And we welcome you back to Democracy Now! Kathleen Cleaver, your assessment of where we are today and what you say to your law students, to other people at gatherings—you were in the Black Panther Party; now you’re a law professor—what road people should take?
KATHLEEN CLEAVER: What I would like to say about where we are today is we have gone consistently backwards. It’s distressing and also somewhat perplexing that during the era of the Vietnam War, the conditions of most black families were a little better than they are now. We’ve declined educationally. We’ve declined economically. And it almost seems that the ways in which—we were in a movement that viscerally challenged, vigorously challenged racism, imperialism, capitalism, sexism. We were against all of it. But it just seems that he level of racial antagonism—well, it rises and falls, but that it is in a retaliation mode, and that there is no real focused struggle right this second against issues of racial discrimination, racial hatred and racial violence.
AMY GOODMAN: I want to go to another clip from Black Power Mixtape. Here, renowned Harlem bookseller and civil rights activist Lewis Michaux talks about why knowledge is power. But first we hear from hip-hop artist Talib Kweli.
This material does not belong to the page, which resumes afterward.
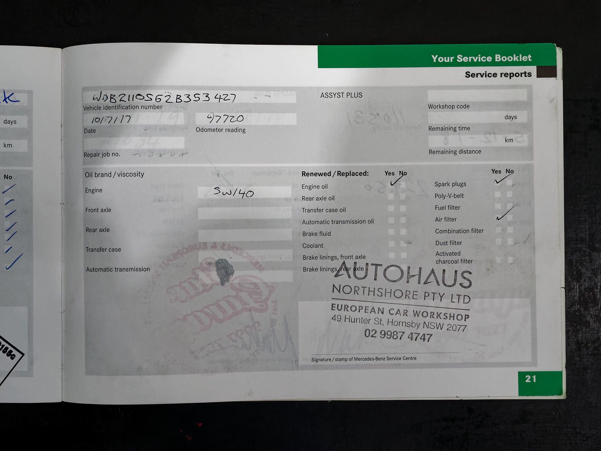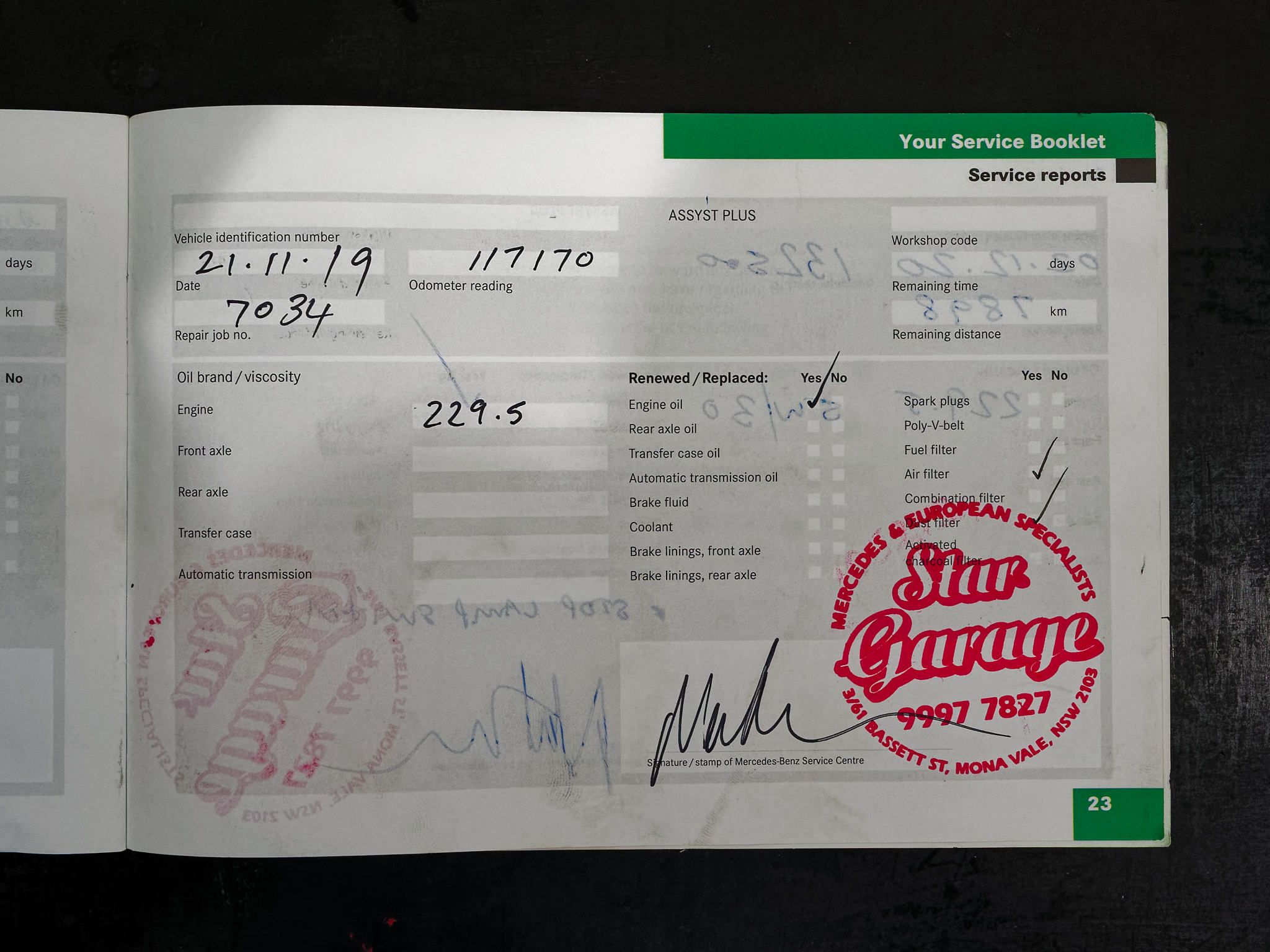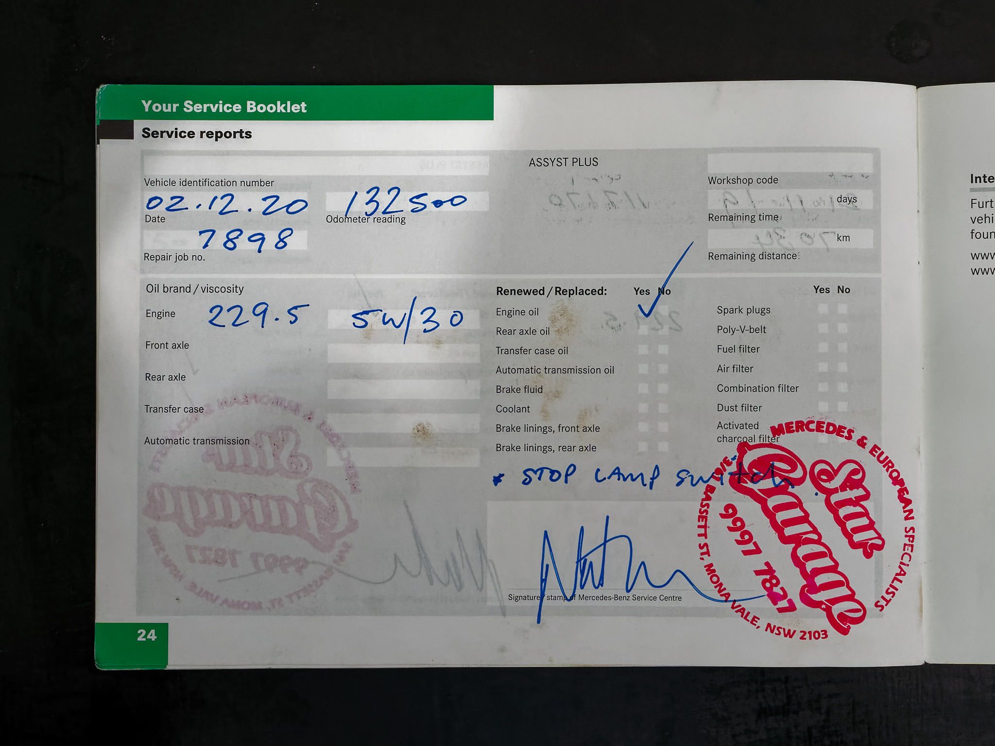 – Log books and service history

TALIB KWELI: Everything about who I am comes from growing up in Brooklyn and comes from my parents. They laid the foundation. But a big part of why I’ve been able to touch the world through my music and express myself has to do with the years I spent in the black bookstore. I mean, this store looks, in Harlem, identical to Nkiru Books, that I worked at. The book titles, I know all those books. I read all those books. And it’s interesting that that stuff was still relevant to me when I was working there in the ’90s, as relevant as it was in the ’70s, because the issues are still the same.
LEWIS MICHAUX: Malcolm X was the smartest uneducated. You see, Malcolm X, they could find nobody with no degree, a Ph.D., could debate him on truth. And naturally, this country can’t stand truth. Now, I was lecturing the other day down in this same cellar, and a gang of little black boys came in, and they held up their fists, talking about black power. I said, “Look, son.” I let these children know. I said, “Black is beautiful, but black isn’t power. Knowledge is power, for you can be black as a crow, you can be white as snow, and if you don’t know and ain’t got no dough, you can’t go, and that’s fo’ sho’.”
AMY GOODMAN: Harlem bookseller Lewis Michaux, and before that was hip-hop artist Talib Kweli. Your response to that, Danny? And talk about the effect of Malcolm X on your life.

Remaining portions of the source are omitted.